— Люди не ангелы, — говорил он мне. — Я столько повидал и людских слабостей и предательства! Да, в общем-то не такое уж это веселое зрелище!
— Ты больше не веришь в доброго дикаря?
— Ну что тебе сказать? Наше общество, конечно, ни на что хорошее не способно, но и в самом человеке сидит какая-то гниль, что-то низменное.
Я смотрел, как он сидит возле печки, опустив ладони на колени. На прилавке лежала книга, раскрытая на той странице, где он прервал свое чтение. Он покачал головой:
— Да, что-то низменное есть, и ничего с этим не поделаешь.
Я отвечал:
— Некоторые называют это злом. А знаешь, ты, кажется, потихоньку становишься христианином. И я даже начинаю думать, что ты всегда им был.
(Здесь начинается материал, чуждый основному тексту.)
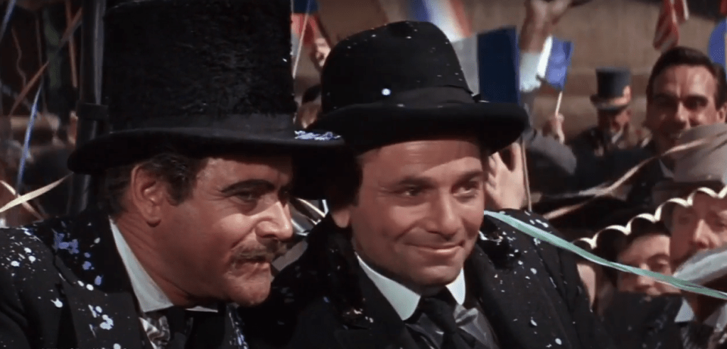 Mais la fin la plus malicieuse de la tour Eiffel est son sabotage par le Professor Fate (Jack Lemmon) et son fidèle assistant Max (Peter Falk), mauvais perdant, après avoir été battus par le flamboyant Tony Curtis dans « La Grand Course autour du monde ».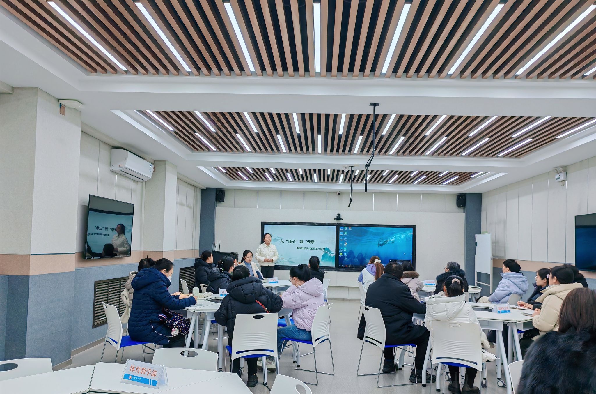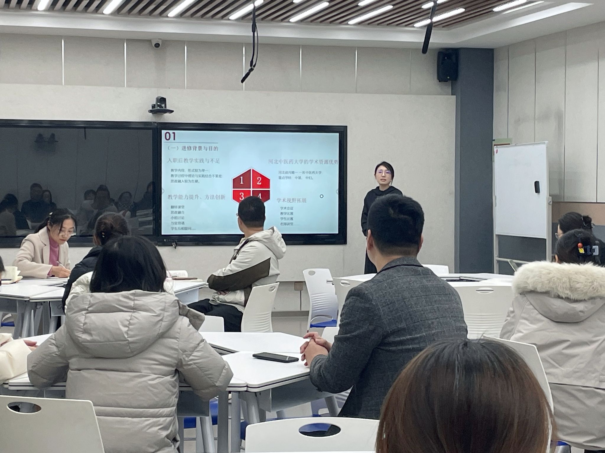 近期,教务处联合中医系分别于12月12日和12月19日下午举办教学沙龙活动,两次活动分别由中医系李雨霄和马欣老师进行分享交流。各系部(院)30余名教师参加。活动由中医系副主任宋瑞佳主持。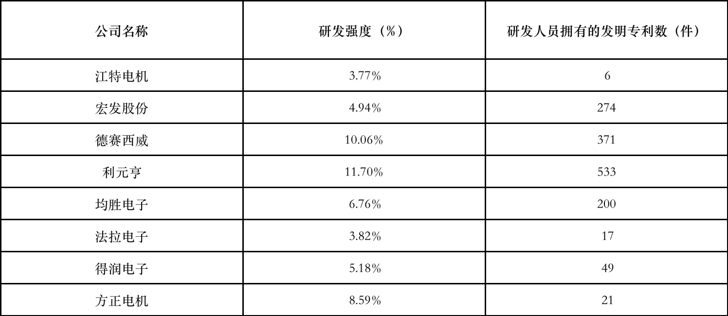 支撑关键核心技术突破的研发能力十分关键,研发强度以及发明专利情况可以有效反映企业的研发能力。从表1的数据看,2021年德赛西威研发强度10.06%处于行业头部,仅次于利元亨11.70%。与德赛西威业务相似的江特电机、宏发股份、均胜电子、法拉电子、得润电子仅在5%左右。同时,德赛西威也十分重视技术领域的专利布局,专利数高达371,位居第二,仅次于利元亨的发明专利数533件。

Он не любил, когда я так говорил. Он понимал слово «христианин» как «католик», а все эти деревенские кюре, святоши, проповеди, отлучения стояли у него поперек горла. Не желал он иметь ничего общего с этим отродьем. Такие вот христиане украли у него христианство, и, я думаю, он ни разу в жизни не заглянул в Евангелие, хотя по своим взглядам был довольно близок к нему. Впрочем, на стене в коридоре у него висела гравюра, которая долгое время меня интриговала: жирный, лоснящийся кюре смотрит на проходящего мимо худого, истощенного Христа и презрительно восклицает: «Еще один бродяга!» Эта картинка давала мне повод для размышлений. Я начинал понимать, к какому лагерю принадлежал дядя, но чувствовал, что его интерес обращен скорее к ненавистному образу попа, нежели к так и оставшемуся ему чуждым Христу.
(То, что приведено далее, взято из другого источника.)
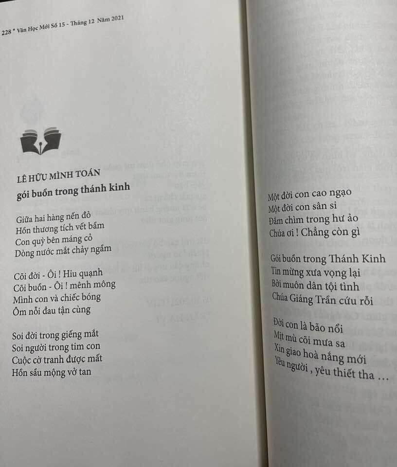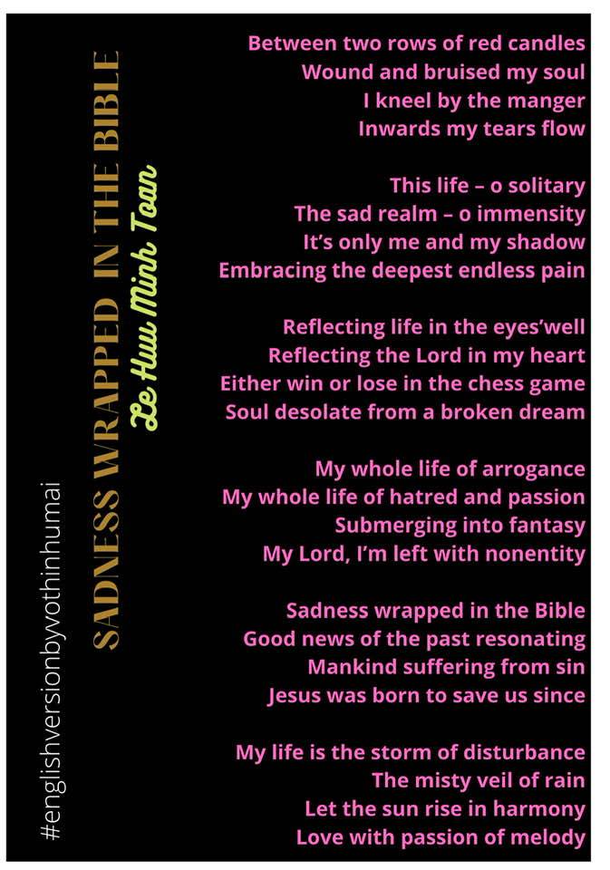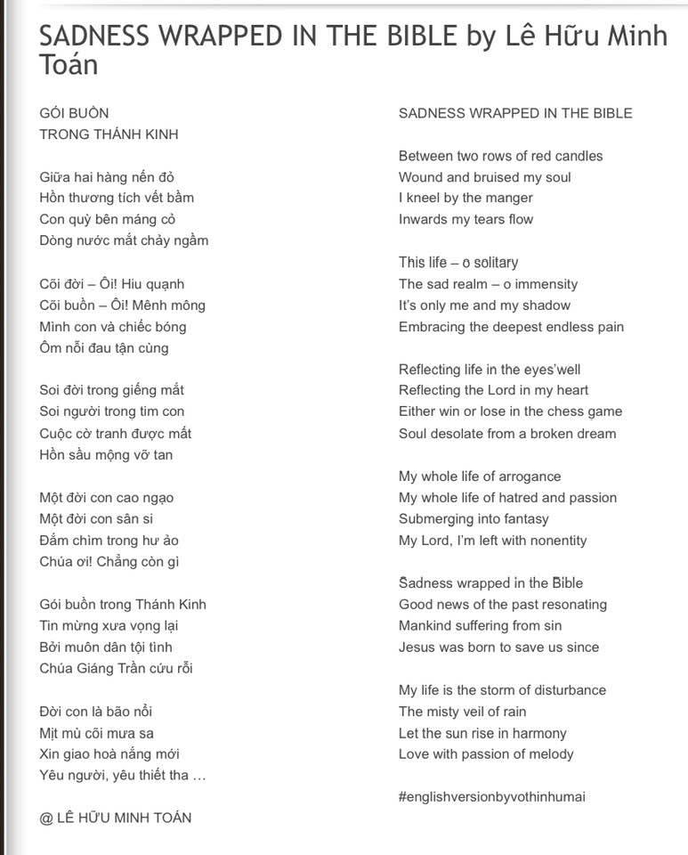 | Gói buồn trong Thánh kinh Giữa hai hàng nến đỏ Hồn thương tích vết bầm Con qùy bên Máng Cỏ Dòng nước mắt chảy ngầm Cõi đời, Ôi! Hiu quạnh Cõi buồn, Ôi! Mênh mang Mình con và chiếc bóng Ôm nổi đau tận cùng … Soi đời trong giếng mắt Soi người trong tim con Cuộc cờ tranh được mất Hồn sầu mộng vỡ tan Một đời con cao ngạo Một đời con sân si Đắm chìm trong hư ảo Chúa ơi! Chẵng còn gì Gói buồn trong Thánh Kinh Tin mừng xưa vọng lại Bỡi muôn dân tội tình Chúa Giáng Trần cứu rổi Đời con là bão nỗi Mịt mù cõi mưa sa Xin giao hòa nắng mới Yêu người – Yêu thiết tha …. Lê Hữu Minh Toán |
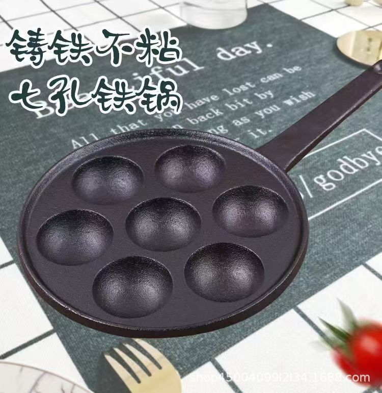 Заводская готовая углубленная и увеличенная антипригарная сковорода для омлетов, форма для запеченных фрикаделек, чугунная семи-отверстная кастрюля для фрикаделек с осьминогом

Вот это-то и есть самое страшное в современной церкви, да и во всякой религии, с ее компромиссами и нетерпимостью, ее мелочностью и низостью, быть может, и неизбежными при столь долгом существовании. Она отвратила от христианства тех, которые в сердце своем были наиболее достойны его исповедовать, сами того не подозревая и рискуя так никогда этого и не узнать. Во всех них — в Жорже, Алисе, Жермене — жили эти качества: доброта, жертвенность, особая душевная чистота и, вопреки окружавшей их действительности, мечты о наступлении эры всеобщего братства. Что до Жаклины, которая, как и ее отец, решительно отвергает церковь, то и ее душа, я видел, неизменно была одержима жадным, лихорадочным поиском, блуждала в запутанном лабиринте с редкими проблесками света, где недоставало путеводной нити, которой могло бы стать состояние благодати. В своем одиночестве, в своей тоске она несла гордыню, как мрачную хоругвь, и эта гордыня ослепляла ее еще больше. В этих сражениях истерзались и душа ее, и тело, и я спрашиваю себя: обрела ли она наконец с возрастом то, что, по сути дела, было так просто постичь, хотя иногда на это уходит вся жизнь.
Однажды она призналась мне, что живет в «беспросветном отчаянии», потом, немного позже, рассказала о своих долгих блужданиях по лесу, о глубоком волнении, которое охватывало ее там, о том, что на душу ее нисходило умиротворение — правда, этого слова она, кажется, вслух не произнесла. Мне показалось, что она противоречит сама себе, и я сказал ей об этом. Она качнула головой, она заколебалась: «Да, я испытала это и также отчаяние!» Как будто от последнего ей не хотелось отказываться. Да, гордыня в ней укоренилась прочно и продолжает мучить ее, застилая свет, который так близко, совсем рядом.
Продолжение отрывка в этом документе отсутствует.